You ARE allowed to use the tunnel with a fitted tank as long as it's used for cooking and heating an not propulsion.

The max size I think is around 47KG with the normal 80% rule

Andrew


----------



## drmjclark (Feb 19, 2006)

Thanks for that info - is this to your knowledge a new rule as the last time we went on the tunnel ( oct 06 ) the chappy checking the van was adamant that if we had a fitted tank we were not allowed on - pleased to hear this seems to have changed!!


----------



## oldenstar (Nov 9, 2006)

Hi drmjclark
Off topic I know but I just love your avatar.
It's so.............ME :lol:


----------



## drmjclark (Feb 19, 2006)

just summarises the feeling you get somedays!


----------



## androidGB (May 26, 2005)

drmjclark said:


> Thanks for that info - is this to your knowledge a new rule as the last time we went on the tunnel ( oct 06 ) the chappy checking the van was adamant that if we had a fitted tank we were not allowed on - pleased to hear this seems to have changed!!

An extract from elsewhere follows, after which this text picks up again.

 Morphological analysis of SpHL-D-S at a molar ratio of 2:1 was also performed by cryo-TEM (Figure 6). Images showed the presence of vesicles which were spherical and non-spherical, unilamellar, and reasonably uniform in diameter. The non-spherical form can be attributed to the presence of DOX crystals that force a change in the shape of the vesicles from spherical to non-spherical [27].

I'm pretty sure that you were able to cross with bulk tanks some time before that date.

I think the guy was getting confused with the bulk tanks used in LPG powered vehicles

Andrew


----------



## Telbell (May 1, 2005)

I agree. There's no doubt you were given wrong info by the Eurotunnel man. The policy quoted by Andrew is at least 4 years old to my knowledge


----------